Isto afecta não em último lugar também a(s) esquerda(s). É assim que nos últimos tempos se tornou conhecido por exemplo o teórico pós-operaista Sergio Bologna. Questiona ele: "Quem fala ainda hoje de si mesmo como de uma camada social? Quem considera ainda esta middle class um sujeito político interessante? Ao recorrermos à história dos movimentos anti-autoritários (...) ou à história dos chamados movimentos operaistas (apercebemo-nos) de que no fundo não existe uma análise da middle class (Sergio Bologna, Die Rolle der Theorie in der politischen Aktion [O Papel da Teoria na Acção Política], in: jour fixe-initiative berlin, Klassen und Kämpfe [Classes e Lutas], Münster 2006, p. 58). O que, para Bologna, é problemático neste âmbito é que na sociedade da informação e do conhecimento até estejam a desaparecer determinadas camadas médias novas que ela própria tinha produzido.

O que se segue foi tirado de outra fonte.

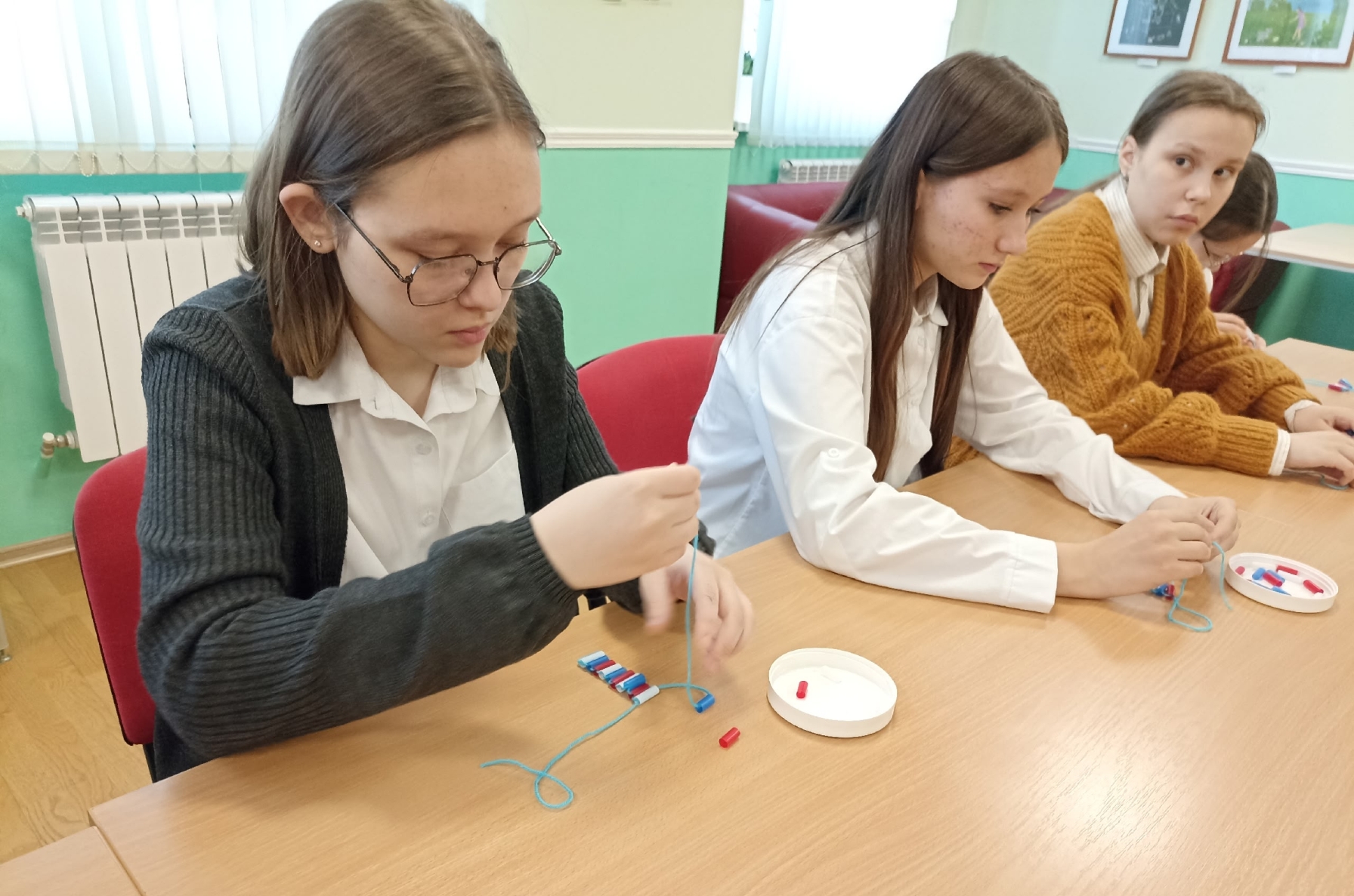В качестве основного материала были выбраны обычные коктейльные трубочки – яркие, легкие и, казалось бы, совершенно непригодные для чего-то большего, чем одноразовое использование. Ребятам раздали отрезки трубочек трех цветов: белого, синего и красного, символизирующих цвета российского флага. Задача стояла увлекательная – сплести из этих разноцветных элементов настоящие браслеты. Используя прочные нитки, школьники аккуратно нанизывали на них отрезки трубочек, следуя определенной последовательности. Ребята не просто создавали изделие своими руками, но и учились видеть потенциал в вещах, которые привыкли считать мусором.

Numa direcção semelhante aponta também Georg Seeßlen na "Jungle World" (25.10. 2006): "E até a luta de classes vinda de cima, em que vivemos desde há alguns anos, chegará aos seus limites quando estiver definitivamente triturada a camada média, que hoje tem que providenciar tanto o luxo dos ricos como a sobrevida dos pobres. É assim que a camada média em luta pela sobrevivência acaba por se transformar numa classe que sangra e que em seguida se desvanece. No momento, porém, em que uma classe que tudo tem se contrapuser directamente a outra classe onde já nada se pode ir buscar, estará escrita a história do capitalismo. Nada haveria a opor a isso se tal não se traduzisse concretamente em imensa dor, violência e prejuízo". Parece evidente que isto se refere sobretudo às camadas médias exploradas por cima e por baixo, as quais supostamente representam a possibilidade de emancipação de toda a humanidade, ainda que Seßlen não o exprima com toda a precisão. O que ainda não nos tínhamos apercebido é de termos de providenciar o luxo dos ricos e a sobrevida dos pobres!

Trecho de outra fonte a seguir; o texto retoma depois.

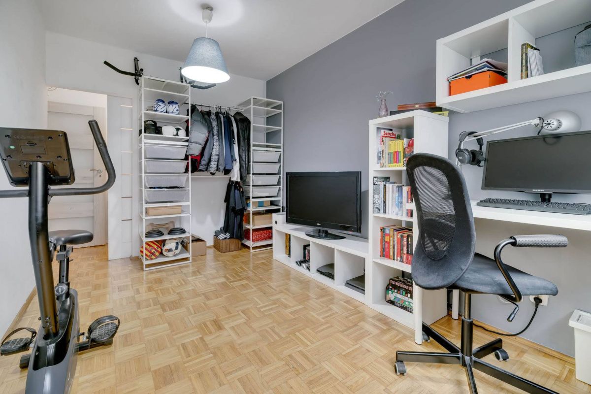 Stan lokalu określono jako do remontu, czyli masz pełną kontrolę nad efektem końcowym. Jednocześnie układ jest na tyle logiczny, że nie wymaga kosztownych zmian konstrukcyjnych. W mieszkaniu jest parkiet w dobrym stanie oraz duże okna. To baza, która ułatwia zaplanowanie nowej aranżacji. Taki stan docenią osoby, które wolą zrobić wszystko „pod siebie”, zamiast dopasowywać się do cudzych decyzji.
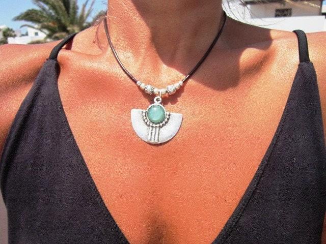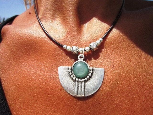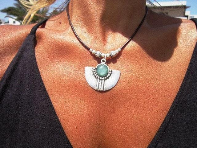 • The Stone is a Green Resin cabochon securely set onto the pendant base.

De todo o modo, sempre pensámos que os marxistas da luta de classes mais ou menos tradicionais se opusessem a quaisquer relações de classe... É assim que uma pessoa se pode enganar: nas citações acima revela-se que se trata de um interesse próprio e que uma pessoa se localiza a si mesma nas camadas médias. Neste contexto, o povo de esquerda está chocado sobretudo porque agora ele próprio se vê posto em causa. Corresponde a uma ofensa narcisista ter, por exemplo, estudado durante anos e mesmo assim ser posto na prateleira. E mesmo que uma pessoa tenha interrompido os estudos, isso não parecia significar durante bastante tempo que uma pessoa é ultraflexível e que (de algum modo, embora talvez apenas em potência) poderia inscrever-se entre os bem sucedidos? Semelhantes fantasias e/ou experiências preenchem não poucos percursos de vida da esquerda. Aqui ainda reinam ideias, no fundo petulantes, que radicam nas situações da burguesia cultural estatutária ou do fordismo classista, a saber, de no fundo quererem pertencer à "gente de bem".

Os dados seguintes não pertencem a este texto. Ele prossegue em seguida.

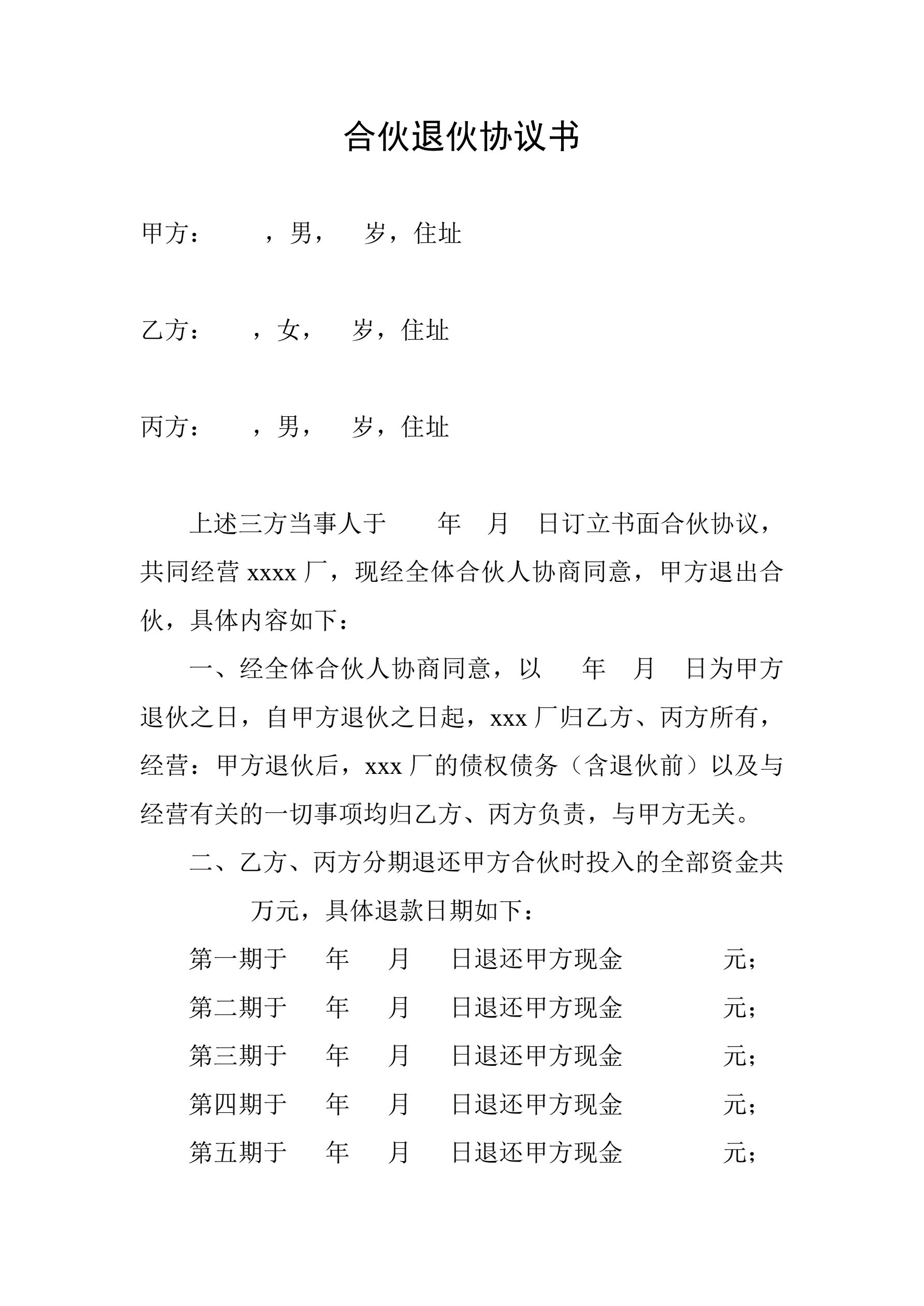 >合伙退伙协议书

Estas esperanças inconfessadas são agora desiludidas. Quase poderia dizer-se que, entretanto, da "sociedade nivelada da classe média" que Schelsky já constatara nos anos 50, e de certa maneira de uma "sociedade pluralizada de classe média" desde os anos 70, se caminha para a cave de uma "sociedade pluralizada de camada inferior". Mas a salvação está próxima: depois do colapso da New Economy no início da presente década, uma economia da Internet ressuscitada procura uma vez mais arrancar em força: "Wir nennen es Arbeit [Chamamos a isso trabalho]", diz o bestseller de Holm Friebe e Sascha Lobo relativamente à "boémia digital". Pelos vistos já não se leva muito a sério a possibilidade de também esta bolha rebentar, sendo certo que apenas se trata de um boom passageiro! Estas novas esperanças integram-se na propaganda que entretanto grassa de uma "retoma" global agora supostamente "real", cuja dependência dos circuitos globais do défice (e do altamente endividado "milagre do consumo" americano em fim de linha) não é de modo algum tematizada. Simultaneamente a euforia mediática descura o facto de os tão badalados novos empregos serem na sua maioria temporários e localizados no segmento precário dos serviços. Prossegue desenfreado o processo de desclassificação massiva de relações de emprego até aqui regulares (como é o caso na Quelle ou na Telekom); simultaneamente são conhecidos novos planos de despedimentos em massa (caso da Opel).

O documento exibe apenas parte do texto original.